I was having beers at Der Wolfskopf in Pasadena with an old friend who had given up engineering for law and community activism. I was rattling on about the state of our data collection project. He listened carefully and made a referral. He had seen an attorney make a dazzling, open-records appeal to the Orange County Board of Supervisors. Her name was Kelly Aviles.

We sent Ms. Aviles an inquiry. Her response was immediate; she was willing to hear more. We arranged a call. She was inspiring. Not only did she have confidence in the legitimacy of our request, she was quick to grasp the essentials, convincing in reply, and firm in her analysis. She agreed to review our letter.

On February 15, we sent our third,  CPRA request to FilmL.A.  This one was strongly worded.  We were asking for the "electronic data in the format in which it is held, in this case, the raw data held in the Online Permit System database."

We received the following reply dated February 28th:
We have received and reviewed your latest CPRA request with legal counsel and reiterate that, other than where contractually obligated to treat final permits as public records, Film L.A., Inc. is a private organization and not subject to the California Public Records Act. Our technology systems (Online Permit System) is proprietary and recognized as such in our municipal contract. Data within the system to fulfill our obligation to generate the final permit (all of which would occur during a "draft" stage or stages) may or may not become part of the final released or rejected permit. This data is not, at any rate, the final permit which would be recognized as the public record in our possession and for which we are required to respond to CPRA requests. Our municipal clients have only limited access to OPS through a communications link and not the database or its data. In addition OPS includes information that is internal to the organization and not our municipal clients. The public records we hold (final permits) are available in electronic format and access to those records has been provided to you.b

Excerpt from letter signed by Paul Audley, President of FilmL.A.

Audley's offer of access to the OPS system was as unappealing as ever, but this reply, more than the others, seemed to be laying a legal groundwork. The CPRA stipulates that records with proprietary information are not a public record. It also says that records created during a contract development period is not a public record until the contract is awarded.  Audley seemed to be suggesting that a draft permit was not a public record because it was a contract in development. In other words, if the database held proprietary information or if permits were like contracts, then the OPS database might not be a public record and FilmL.A. might have a basis for a denial.

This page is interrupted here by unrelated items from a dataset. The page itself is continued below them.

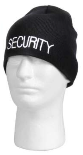 Deluxe Acrylic Skull Cap is now embroidered with "Security" across the front. The perfect fit for security stationed outdoors in cold weather. Made from 100% Acrylic, this Skull Cap won't itch and will keep your head and ears warm.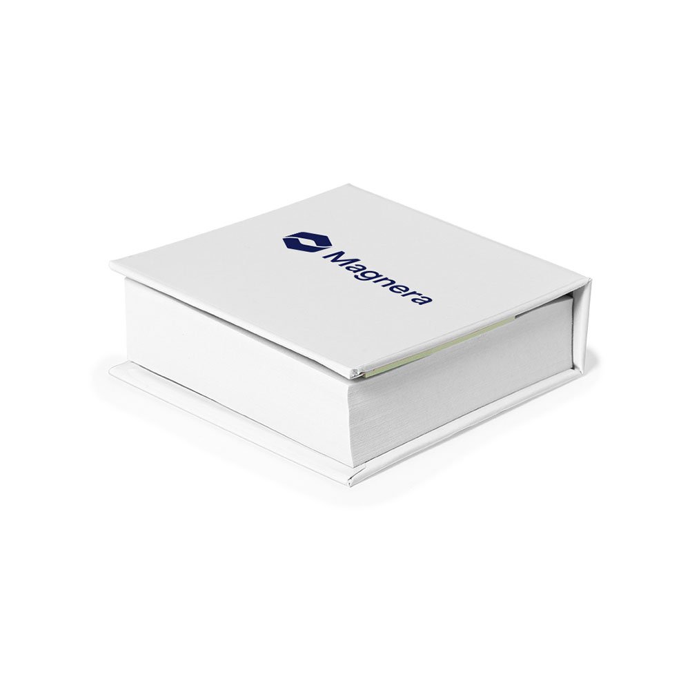 Vibrant notepad holder, featuring soft-touch covers made from durable, glossy rigid cardboard. Includes 200 blank sheets (7.6 x 7.6 cm) and 125 mini sticky notes (1.5 x 5 cm).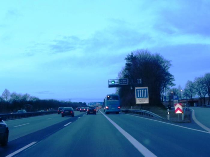 В Германии, ближе к Мюнхену, миновать который, к сожалению, крайне затруднительно, трафик ощутимо уплотнился. В связи с этим я смог обратить внимание на местное ноу-хау: для увеличения пропускной способности автомагистрали в качестве дополнительной полосы задействуется обочина, о чём сигнализирует специальный светофор.
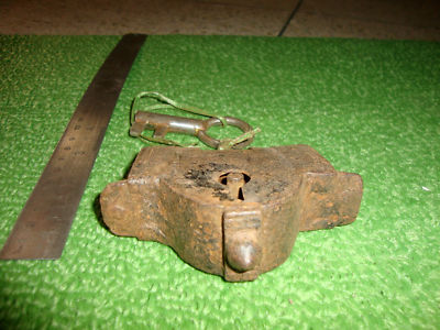 HAND FORGED ANTIQUE IRON LOCK WORKING CONDITION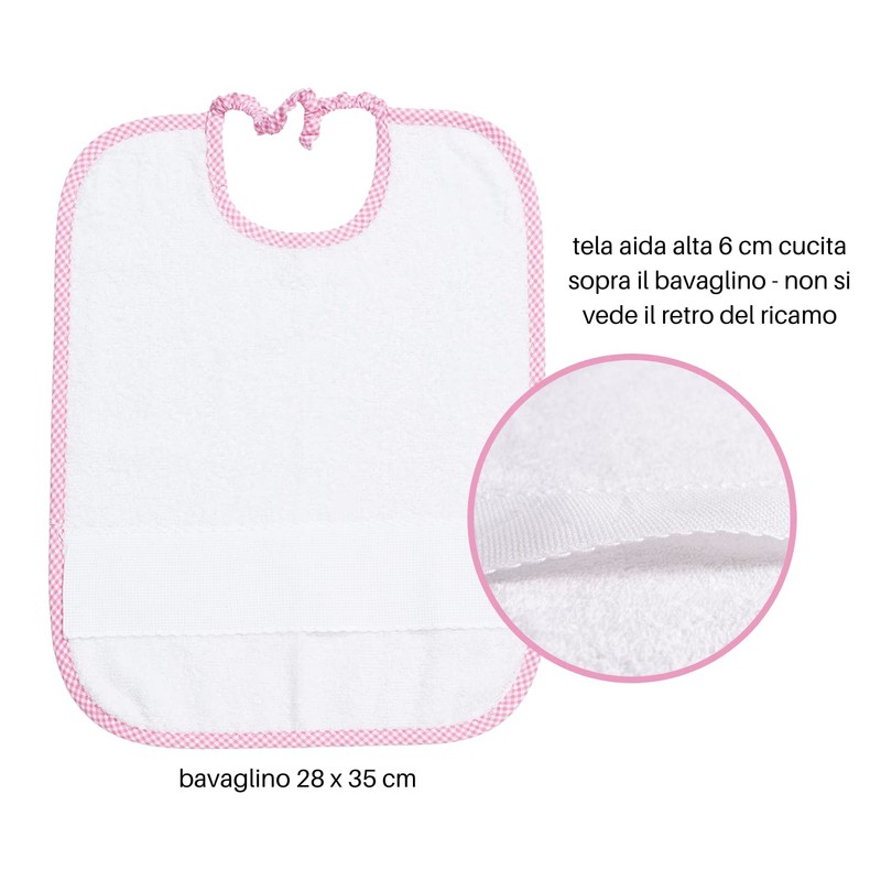 • Contents: At home, you will receive three bibs made of soft and absorbent terry cotton, with Aida fabric band for embroidery, 6 cm high, applied to the bib. The closure with the elastic band on the neck promotes children's autonomy, in a short time they can easily put on and take off. Made and packaged in Italy.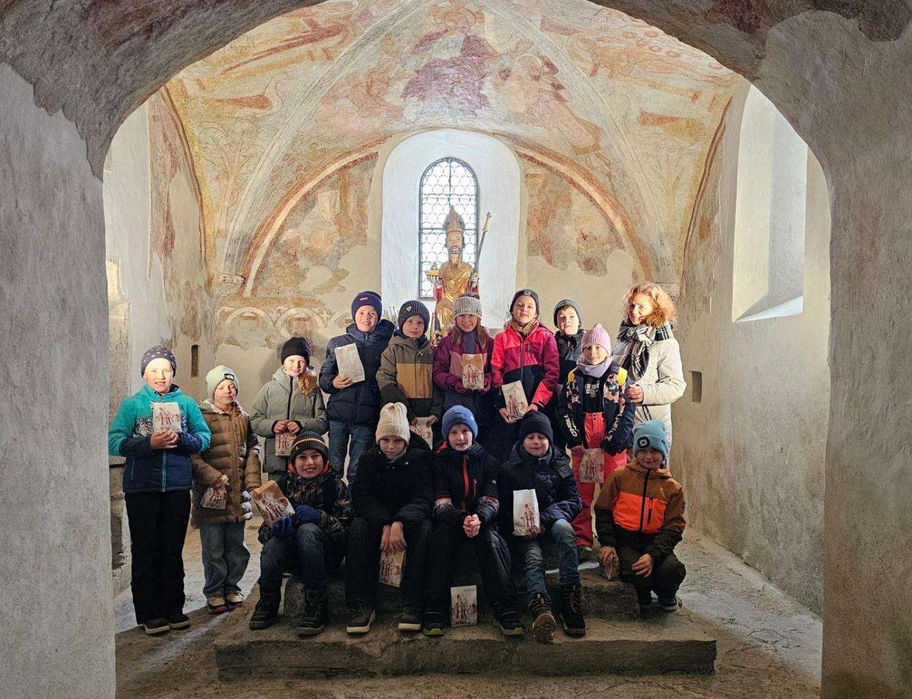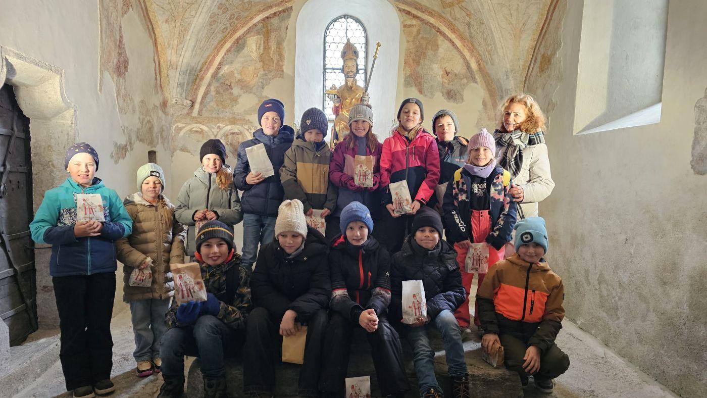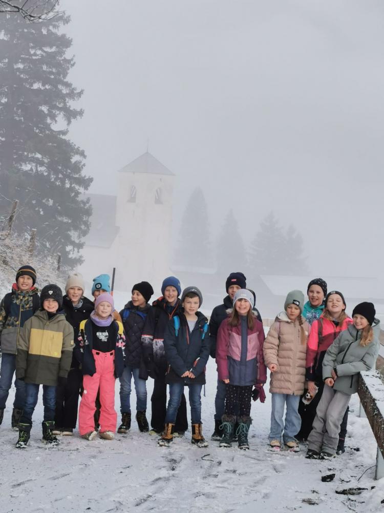 Am Vortag vom Nikolaustag machte die 3a Klasse eine Wanderung zur Nikolauskirche. Wie bestellt, war die Landschaft wunderbar „angezuckert“ mit ein bisschen Schnee.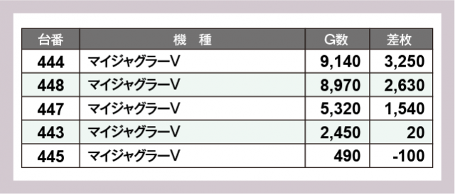 ※差枚数順に掲載しています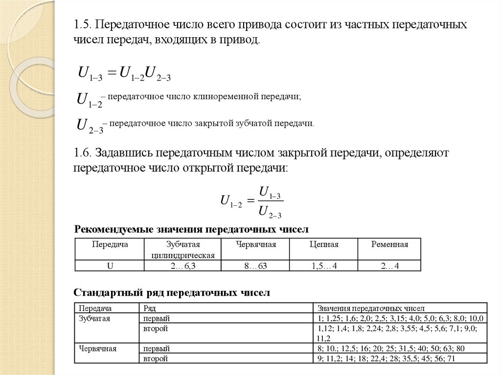Для зубчатых (червячных) передач: U = Z2 / Z1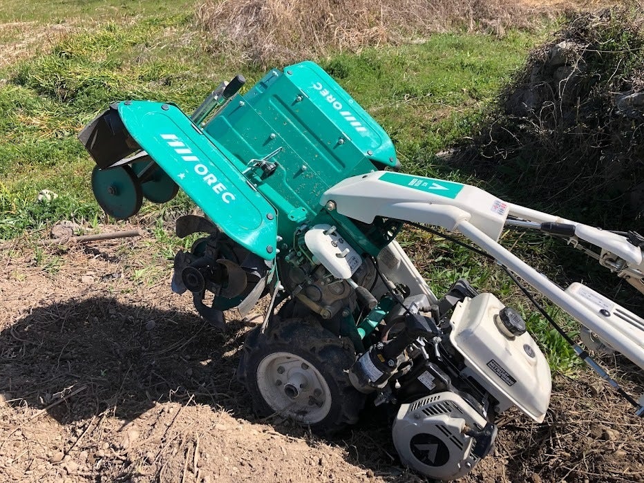 管理機という溝堀り機で、生姜の畝と溝を作ります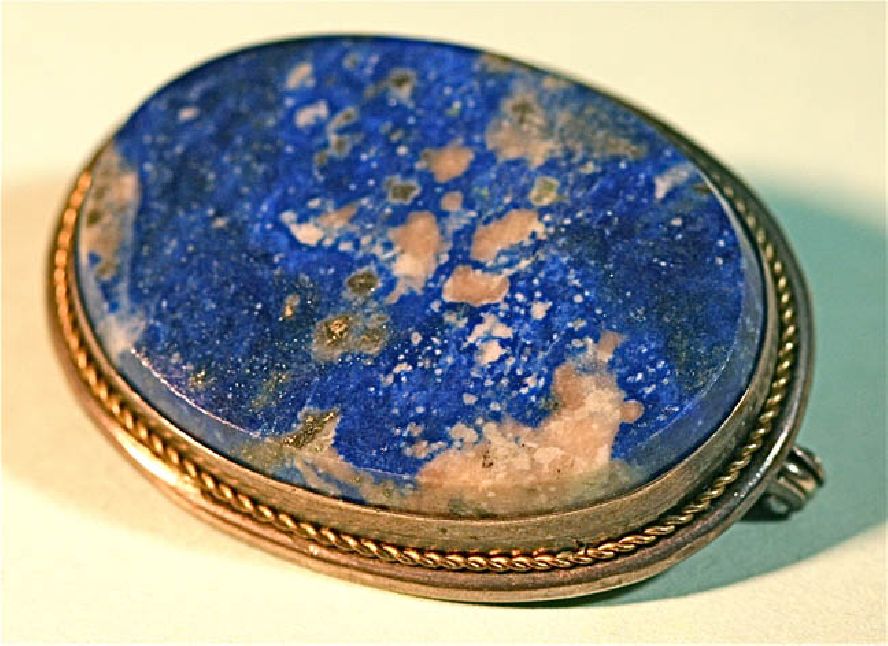 Lapis lazuli (sometimes abbreviated to lapis) is a semi-precious stone prized since antiquity for its intense blue color. Lapis lazuli has been mined in the Badakhshan province of Afghanistan for 6,500 years, and trade in the stone is ancient enough for lapis jewelry to have been found at Predynastic Egyptian sites, and lapis beads at neolithic burials in Mehrgarh, the Caucasus, and even as far from Afghanistan as Mauritania. Lapis lazuli is a rock, not a mineral: whereas a mineral has only one constituent, lapis lazuli is formed from more than one mineral. Lapis lazuli usually occurs in crystalline marble as a result of contact metamorphism. The finest color is intense blue, lightly dusted with small flecks of golden pyrite. There should be no white calcite veins and the pyrite inclusions should be small. Stones that contain much calcite at all or too much pyrite are not as valuable. Patches of pyrite are an important help in identifying the stone as genuine and do not detract from its value. Often, inferior lapis is dyed to improve its color, but this is often a very dark blue with a noticeable grey cast, may also appear as a milky shade.
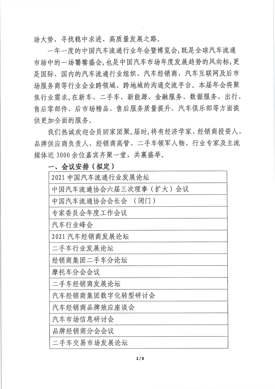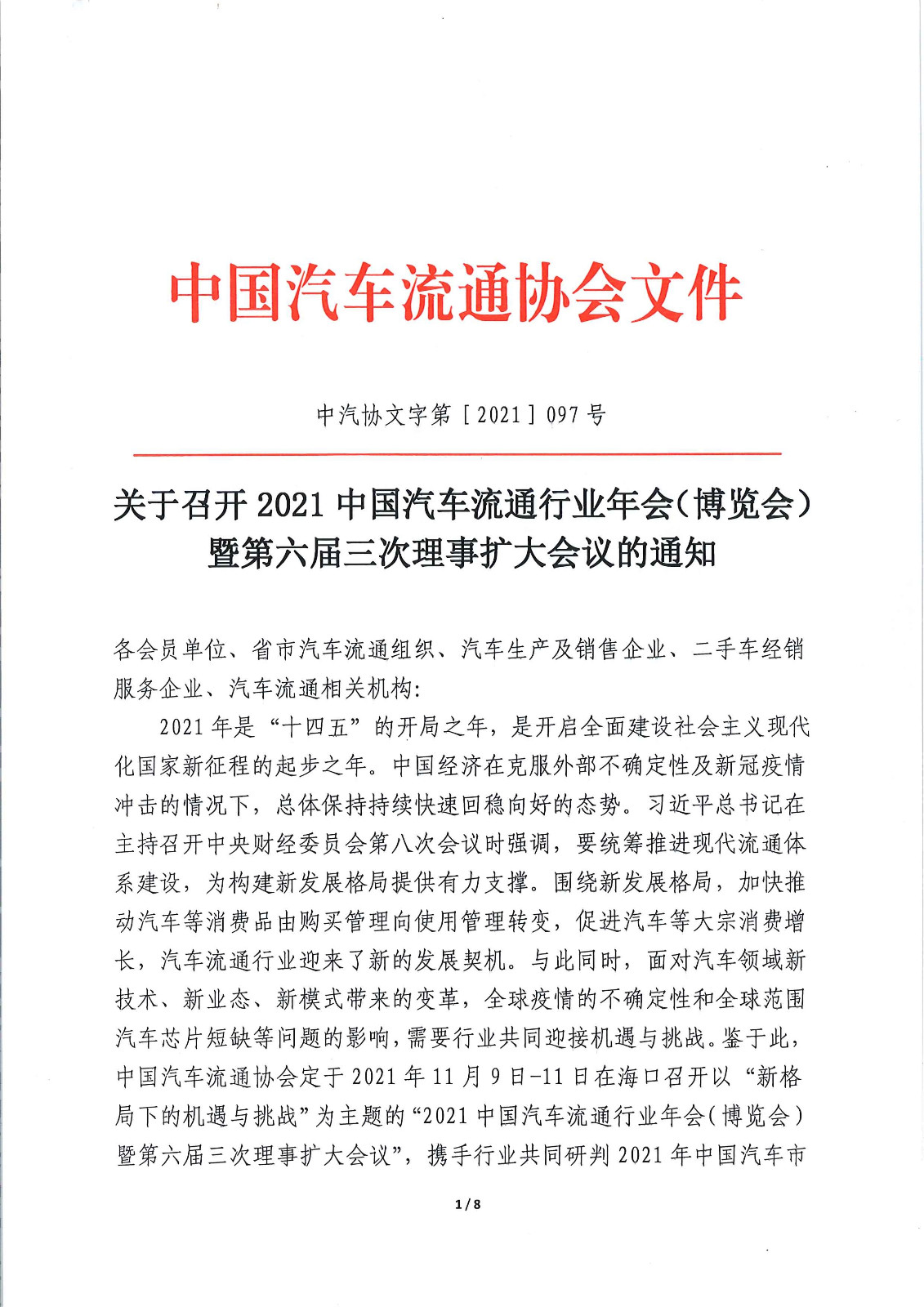 關(guān)于召開2021中國汽車流通行業(yè)年會(博覽會)暨第六屆三次理事擴大會議的通知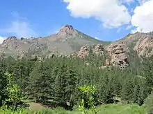 The Lost Creek Scenic Area is a 16,798-acre (67.98 km2)[6][nb 1] site in the Lost Creek Wilderness created in 1963, under the 1939 "U-Regulations", which was the precursor of the Wilderness Act. It was designated a National Natural Landmark in 1966.[7] It is located in the Pike National Forest and is in both Park and Jefferson counties. Rock formations with pinnacles and spires are located in narrow gorges and on ridges. An underground stream "disappears and reappears" nine times or more at the site.[6]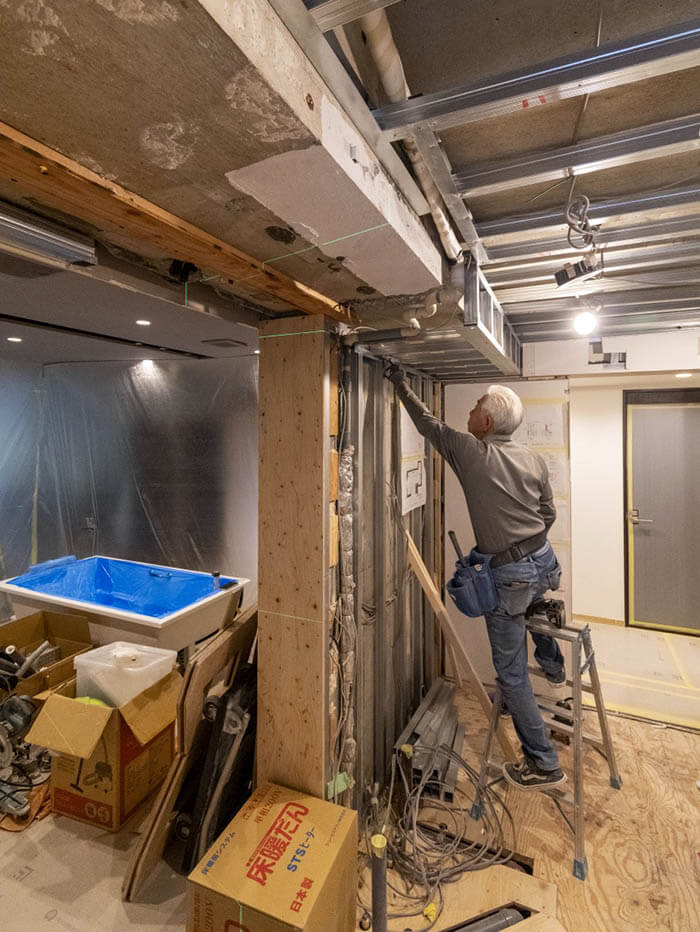 大工の宮永さんがキッチン下地の手直し工事をしている様子で、左側に見えるのが作業スペースです。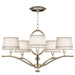 Chandelier in a platinized silver leaf finish with subtle brown highlights and white textured linen shades with pierced metal gallery in matching silver leaf finish.
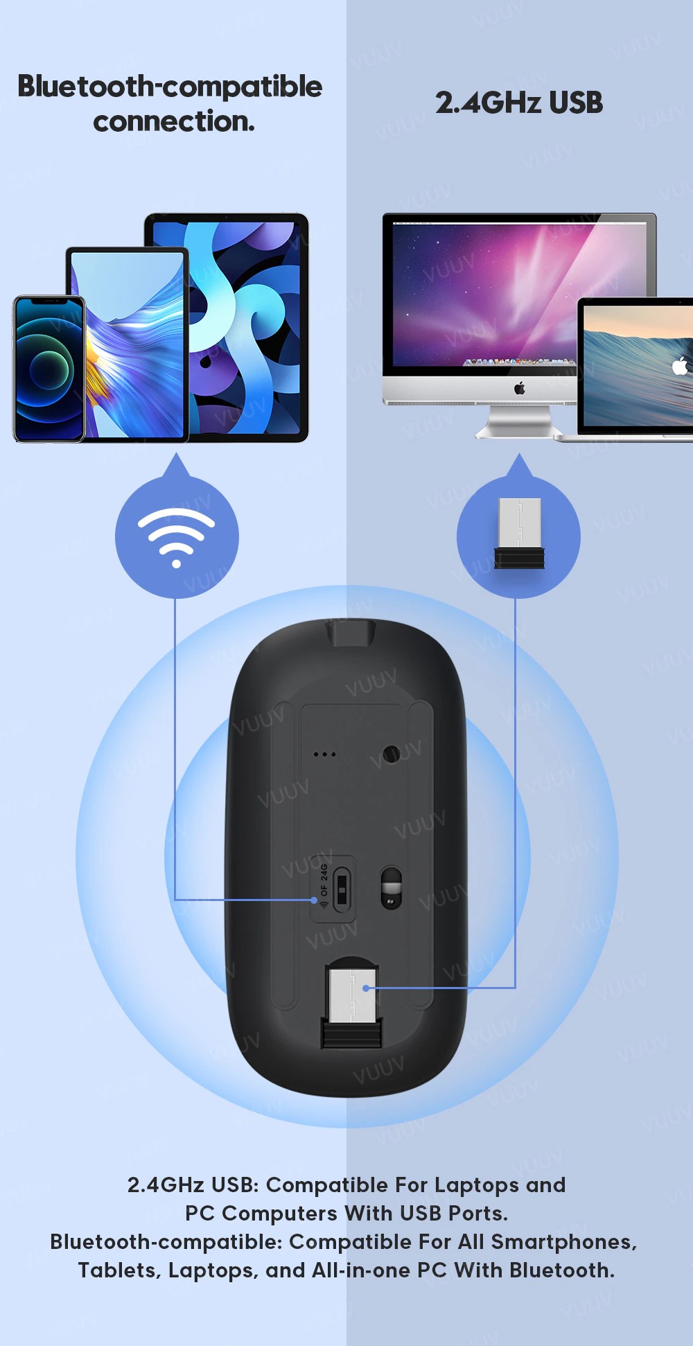 Muis: 2.4GHz USB + Bluetooth-compatibel verbinding.

Were his assertions true?  Were they grounds for denial?

The argument about draft permits as contracts seemed easily overcome. We need only to request a backup version dated a few months back so that any draft permits would not longer be "in development."

Audley's claim that FilmL.A. was not subject to the CPRA because it was private and  because the database held proprietary data might be a dubious.   In an early email, a FAC attorney had advised us that if "...FilmLA was created by the city and county to perform the government function of approving filming permits...then FilmLA should be subject to the CPRA and would have to comply with a records request..." In fact FilmL.A. was created by LA City and LA County for the purpose of replacing services previously provided by City and County Departments. In fact nearly all their operating funds are derived from film permit fees, film field services and school film licenses — all revenues previously charged and collected by local government.

We consulted with Aviles. She was dismissive of Audley's claims and confident that, in the end, our request would succeed. But, she drew the same conclusion that JVC had drawn: FilmL.A. would not provide the records without a writ from the Court. There was no point in continuing to send our informal CPRA letters. To proceed, we would need to raise funds for legal fees and court costs.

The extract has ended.